Ken Doyle has a degree in exercise physiology and is certified by the National Trainers Association along with the National Strength and Conditioning Association in the U.S.. He has coaching qualifications from the U.S. Cycling Federation and is Head Coach of the Santa Barbara Special Olympics Cycling Team. He has 25 years experience in coaching both teams and individual cyclists.
Eric Schmitz also holds a degree in exercise physiology and is a certified by the National Strength and Conditioning Association, the American College of Sports Medicine and the National Academy of Sports Medicine.
Weight Training for Cyclists is a specific book intended to instruct the cyclist in lifting weights accompanied by core/plyometric work as a supplement to a road program. The ethos is that by adopting this total body training program detailed in the book that the riders will improve their cycling strength, skills and endurance, without bulking up.
The book is full of detained illustrations on how to perform weight lifting exercises and how to complete core and plyometric workouts in safe and correct manor.
The book is has no Forward but in my opinion doesn’t need on as it stands on its own. It is well laid out and clear carried the athlete through the business of building developing and executing and good and well structured weight/core and light plyometric full year program.
Winter Training, Pre-Season and Maintenance during the cycling season are detailed and discussed along with the off season.
Their are sample Workout Sheet and a Blank Periodized Schedule provided in the book to get the athlete started in prescribing his/her own training program.
The contents include,
- Intro
- The Basics of Weight Training
- In the Weight Room
- Program Info
- Program Design
- Stretching fo Flexibility
- Lower Body Exercises
- Upper body Exercises
- Core Exercises
- Power Development
- Sample Program
Each chapter builds from the previous chapter making following the program construction easy. One rep charts and Percentage Charts are provided in order to make repetition and weight selections easy. Periodised program sample designs are shown for Track, Road, Mountain and Junior Riders.

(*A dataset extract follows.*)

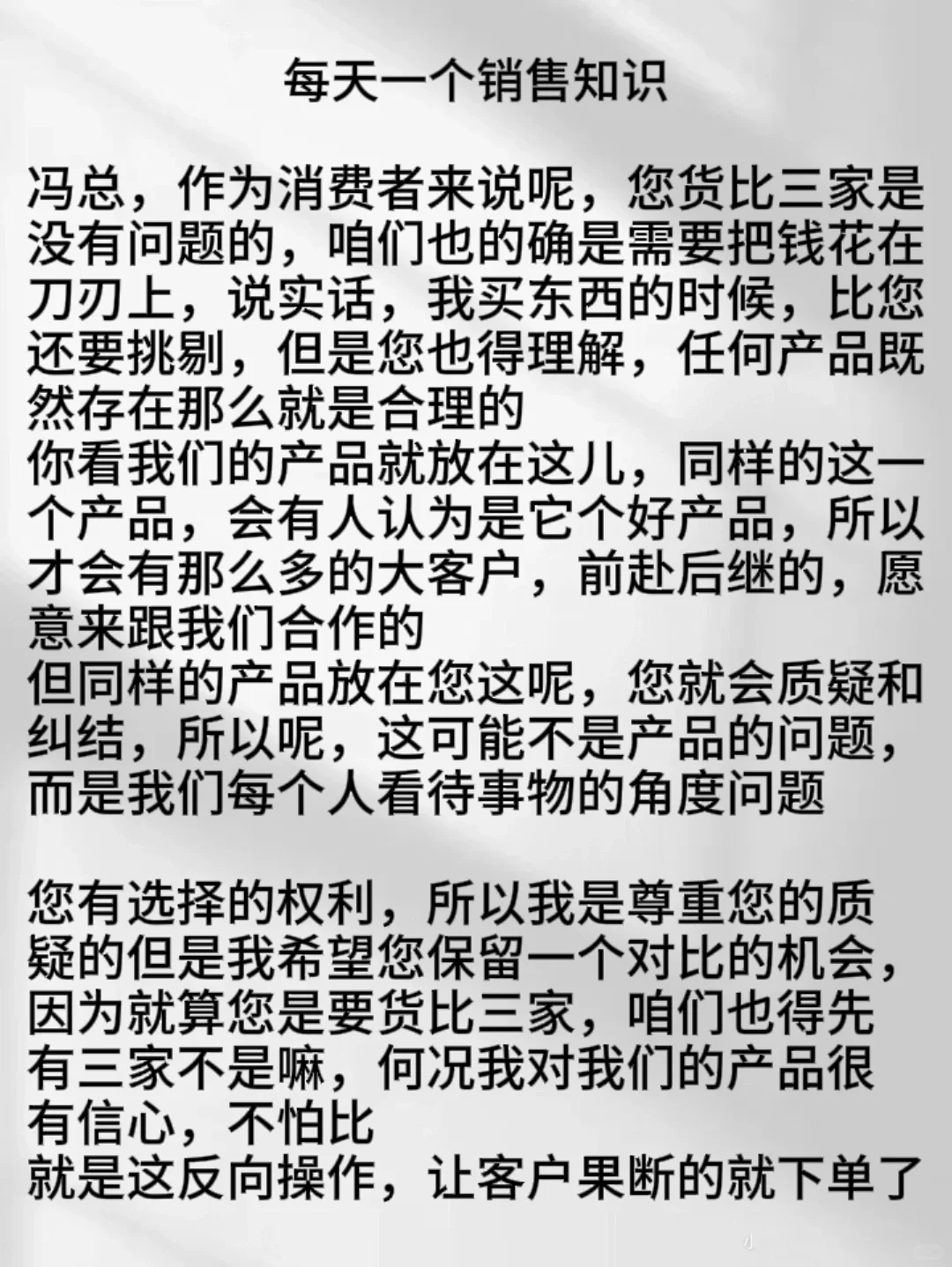 💎冯总,作为消费者来说呢,您货比三家是没有问题的,咱们也的确是需要把钱花在刀刃上,说实话,我买东西的时候,比您还要挑剔,但是您也得理解,任何产品既然存在那么就是合理的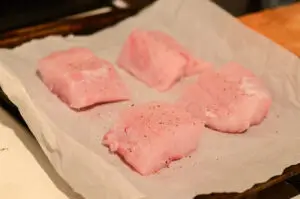 Cut the sea bass fillet(s) into 5-6 ounce portions and place each on a parchment paper lined baking sheet.

The stretching and flexibility chapter is full of discussion and information images showing the correct movements and posture for the execution of the movements suggested. The next few chapters follow on from this and are detailed in their direction and instruction leaving it easy figure out what has to be done for each workout. The sample programs at the end of the book are a great help for self prescription. Eight pages have been dedicated to this with the sequence being Stabilization Phase, Strength Phase, Power Phase, Maintenance Phase with a sample core prescription for beginner and advances.
We would recommend this book the athletes self prescribing their training and we would advise that they become familiar with periodisation and the scheduling of other training to blend with what this book offers in order to achieve their goals.